**Material provided**
++++++++
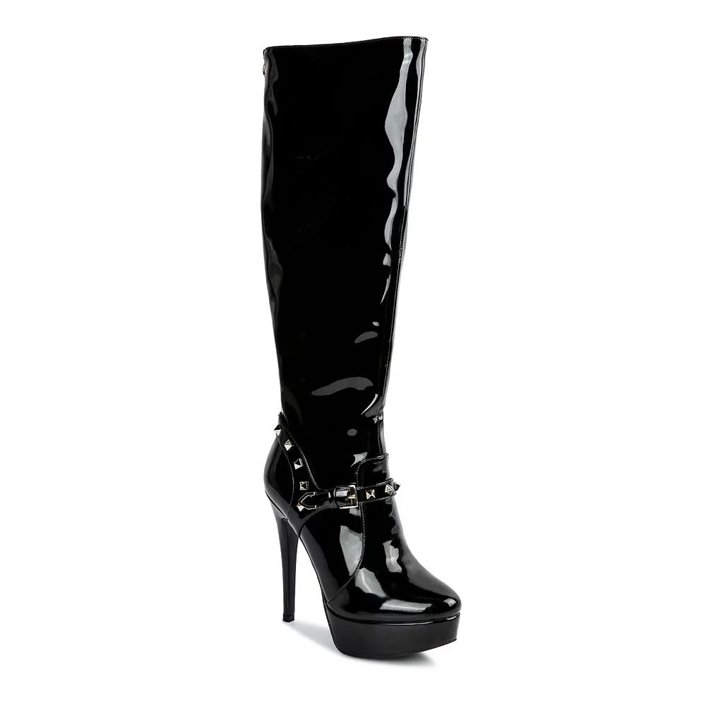 Versace Jeans Couture black knee-high boots with 8 cm stiletto heel, side zip fastening and baroque buckle detail, elongated toe with logoed metal plaque.
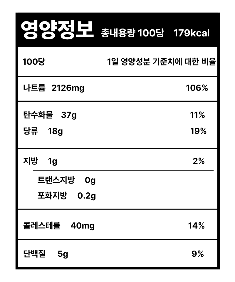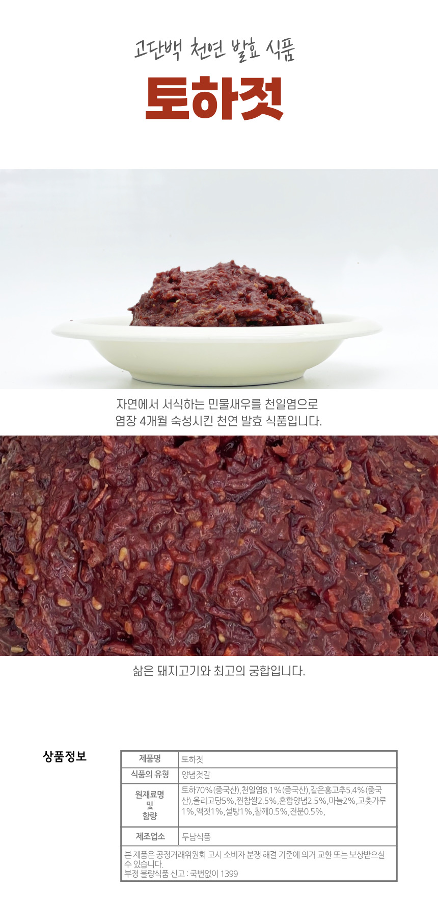 토하70%(중국산),천일염8.1%(중국산),갈은홍고추5.4%(중국산),올리고당5%,찐찹쌀2.5%,혼합양념2.5%,마늘2%,고츗가루1%,액젓1%,설탕1%,참깨0.5%,전분0.5%,L-글루타민산나트륨(향미증진제)0.5%
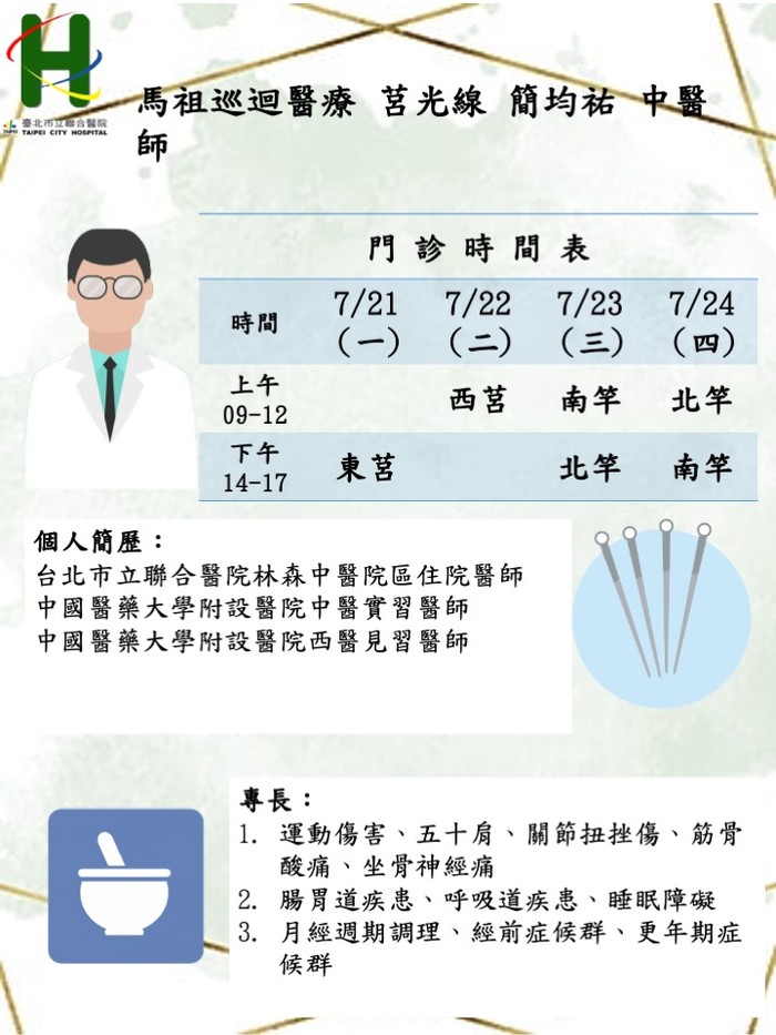 馬祖中醫巡迴醫療114/7/21-7/24由莒光線簡均祐醫師、東引線林宗翰醫師前往支援服務。
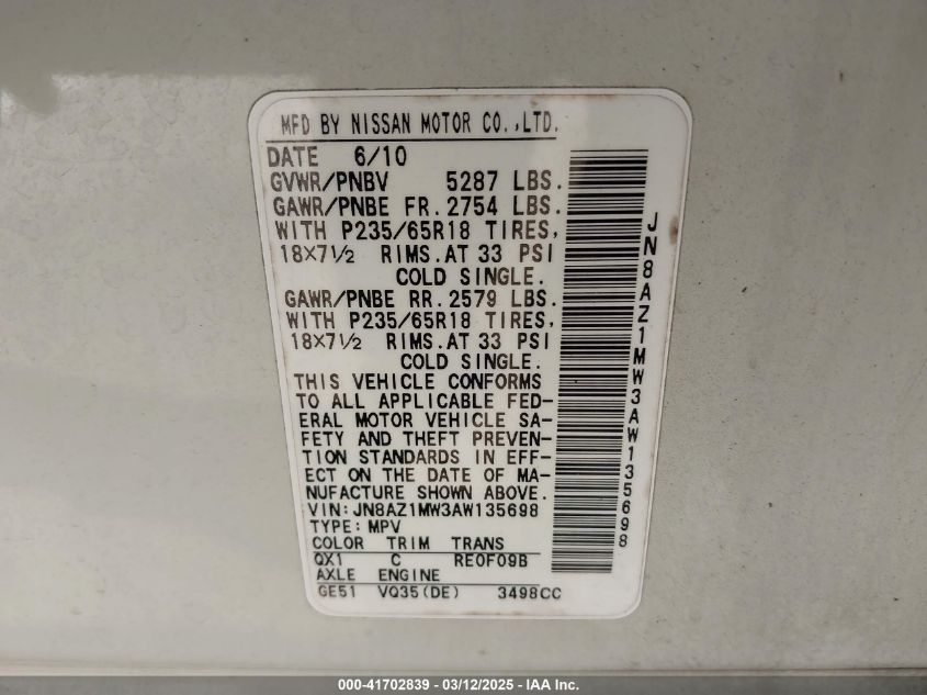 2010 NISSAN MURANO 2010 Gasoline, 3.5, Full drive, VIN - JN8AZ1MW3AW****** from the USA
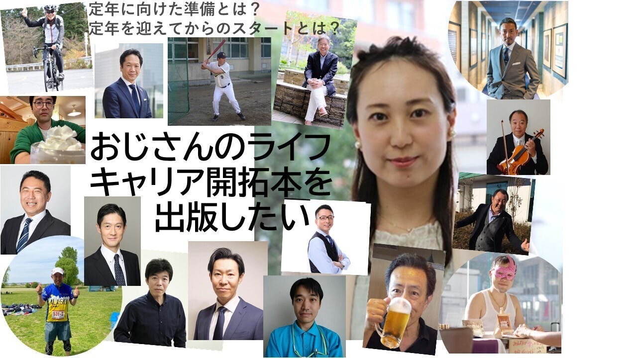 そうです、「おじさんのライフキャリア開拓本を出版したい」のいの文字のところです。ベストを着てお顔だけこっち向いている方です。
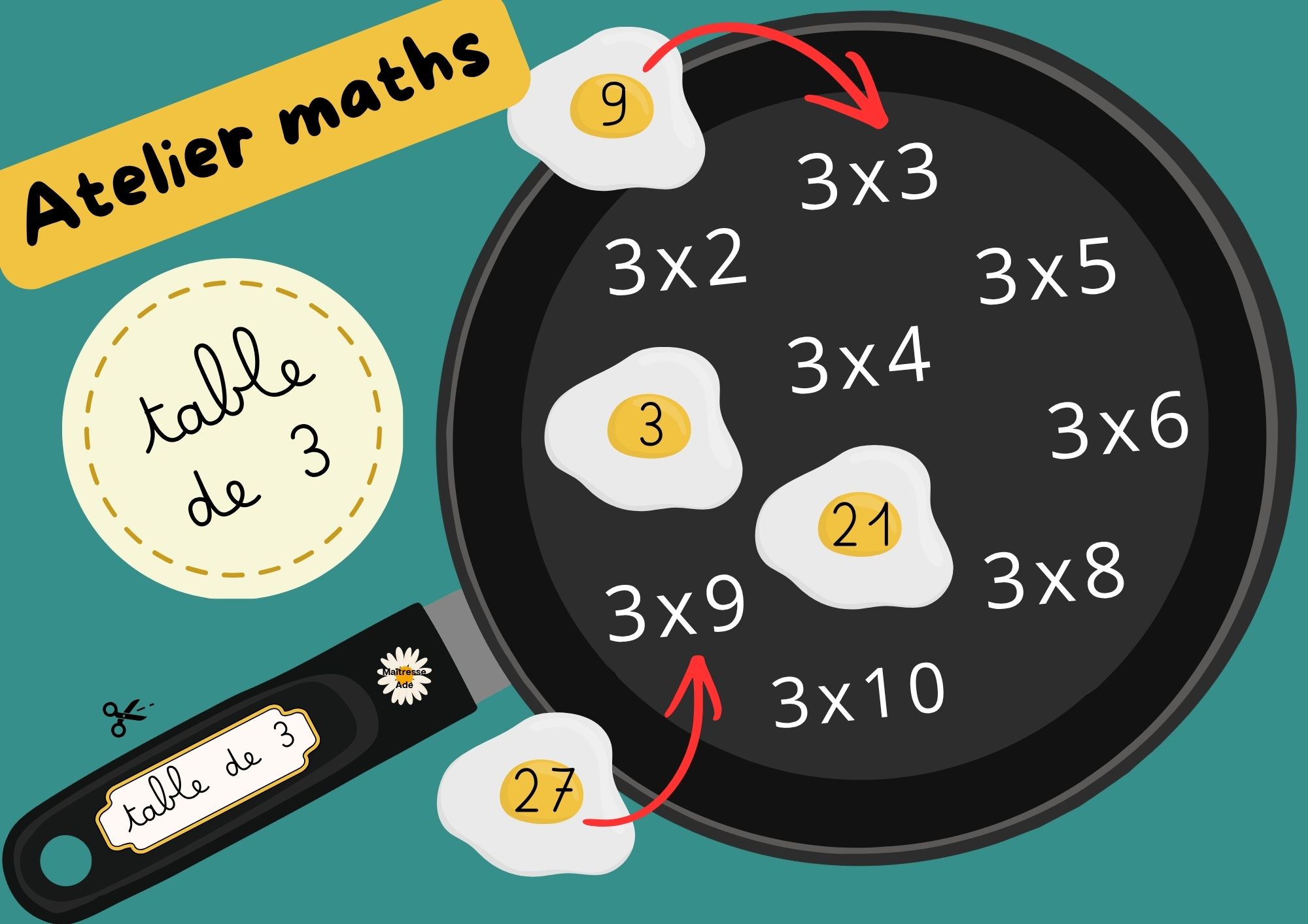 🍳 Table de 3 : poêle avec œufs au plat
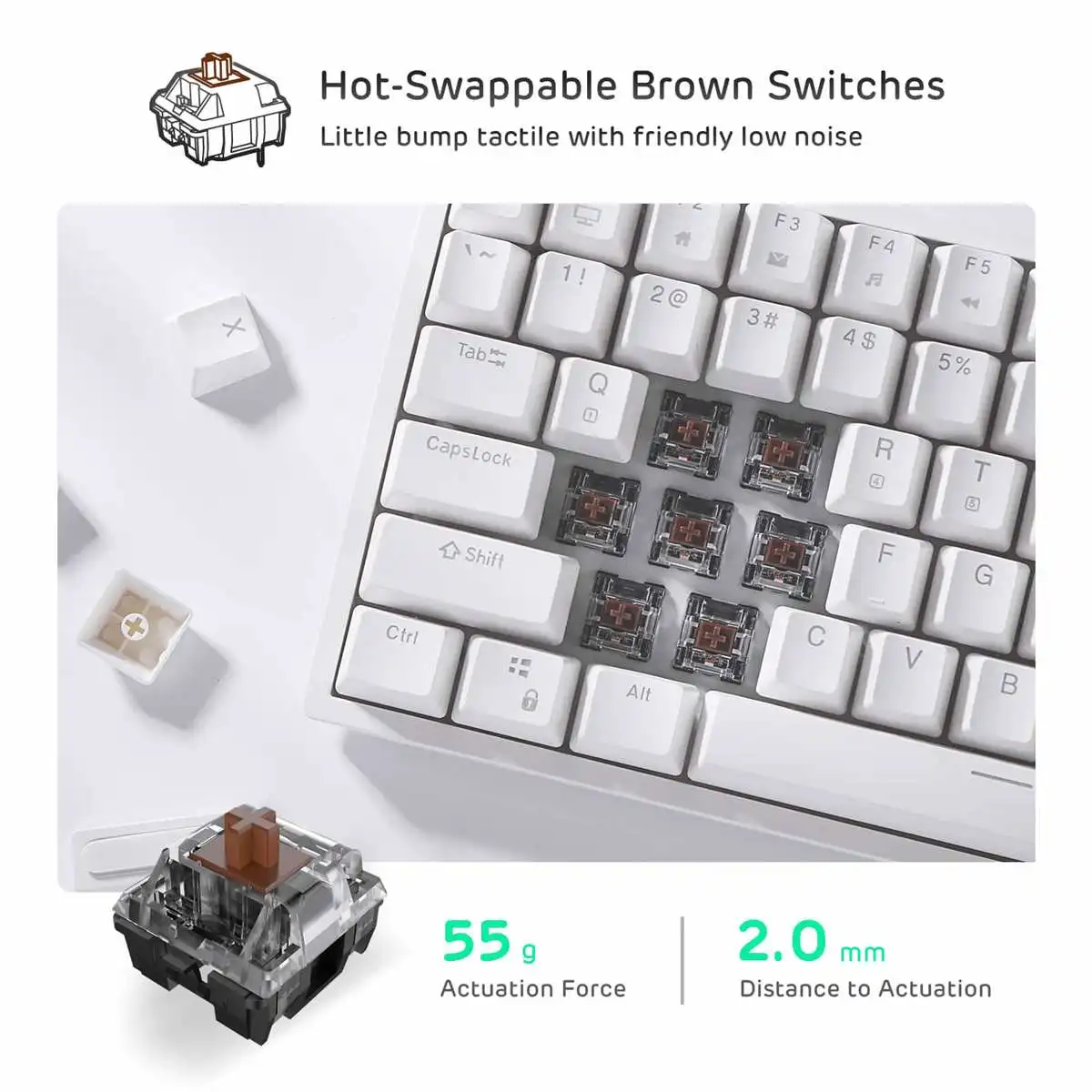 ● Переключатель RK с возможностью горячей замены: печатная плата с возможностью горячей замены позволяет свободно заменять 3 контакта/5 контактов без проблем с пайкой. Получайте удовольствие от создания собственной уникальной клавиатуры.
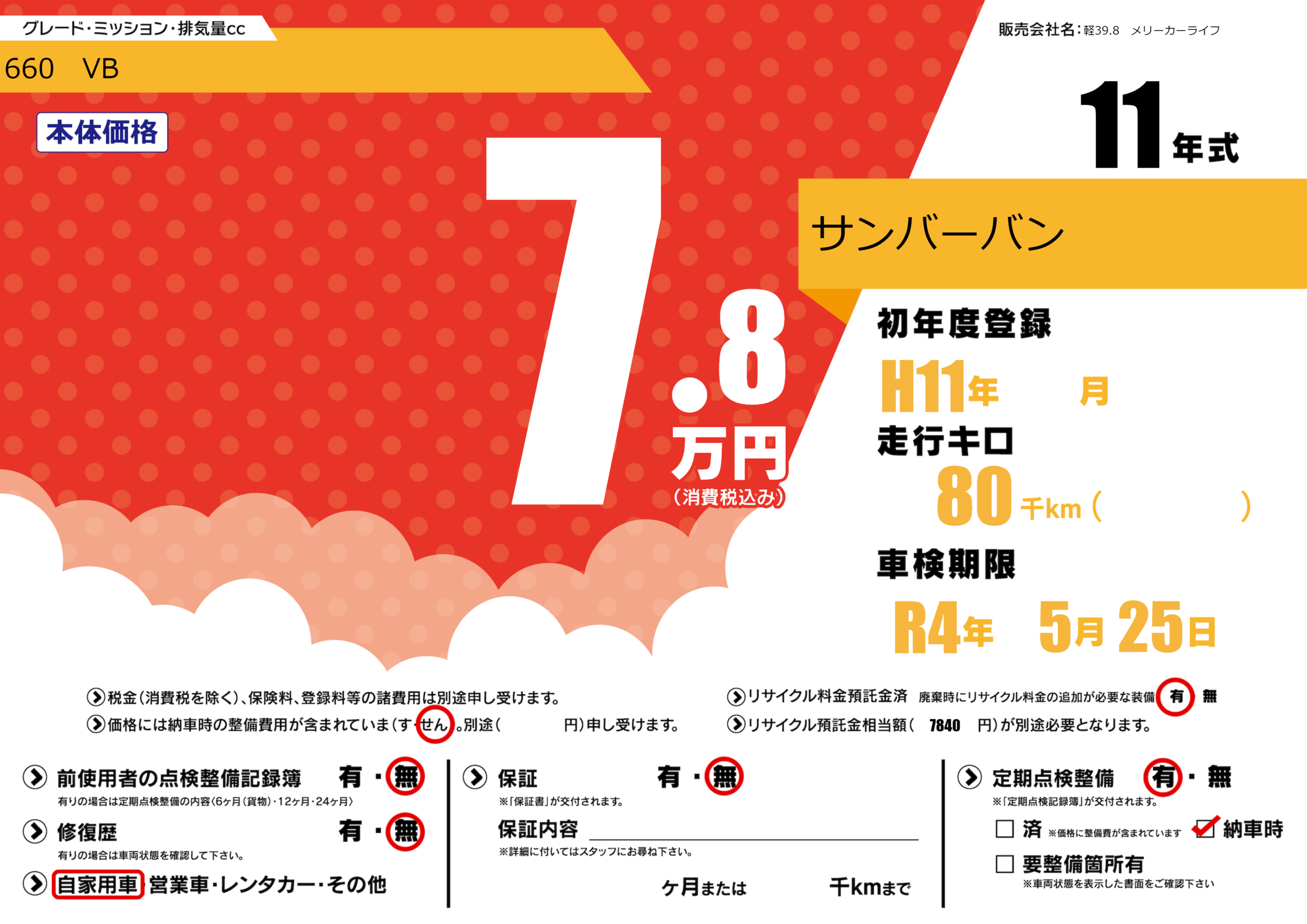 | 走行キロ | 8万km | 初年度登録 | H11年---月 |
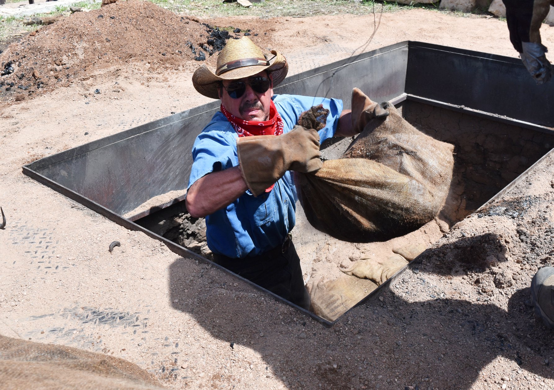 So in 2021, using some of the materials from the old pit near the football stadium, a new pit measuring 10-feet by six-feet by four-feet and lined with fire bricks and with a concrete-reinforced base, was built, as was a traditional, adobe bread-making horno.
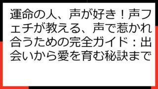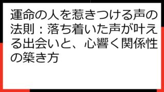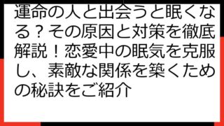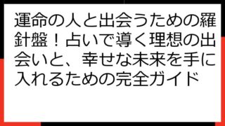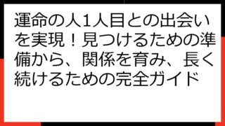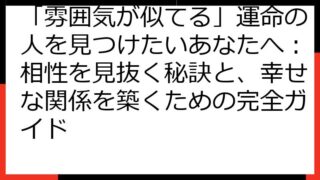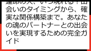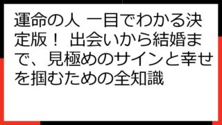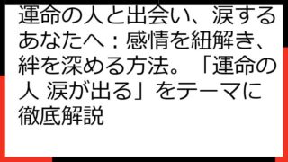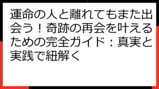 運命の再会を科学する:離れてもまた出会うための真実と実践この記事では、「運命の人 離れてもまた出会う」という奇跡を、科学的な視点と実践的なアプローチで紐解いていきます。運命の人とは何か、なぜ離れてしまうのか、そして再会を果たすにはどうすれば...
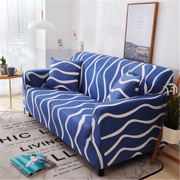 New Fashion Elastic Sofa Covers Blue Waves Pattern Slipcover Washable Universal Sectional Slipcover Pillowcase Cartoon Slipcovers For Dining Room
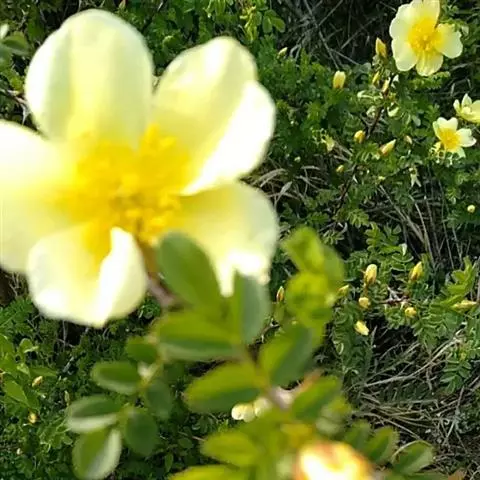 玫瑰:蔷薇科、蔷薇属的灌木;株高达2米;茎粗壮,丛生;小枝密生线毛,针刺和腺毛,有皮刺,淡黄色,…
++++++++
**Directions for this task**
Write out the lines above from the one with "œufs au plat" through the one with "So in 2021, using", ends included, exactly; no picture goes in.

**The completed task**
 🍳 Table de 3 : poêle avec œufs au plat
 ● Переключатель RK с возможностью горячей замены: печатная плата с возможностью горячей замены позволяет свободно заменять 3 контакта/5 контактов без проблем с пайкой. Получайте удовольствие от создания собственной уникальной клавиатуры.
 | 走行キロ | 8万km | 初年度登録 | H11年---月 |
 So in 2021, using some of the materials from the old pit near the football stadium, a new pit measuring 10-feet by six-feet by four-feet and lined with fire bricks and with a concrete-reinforced base, was built, as was a traditional, adobe bread-making horno.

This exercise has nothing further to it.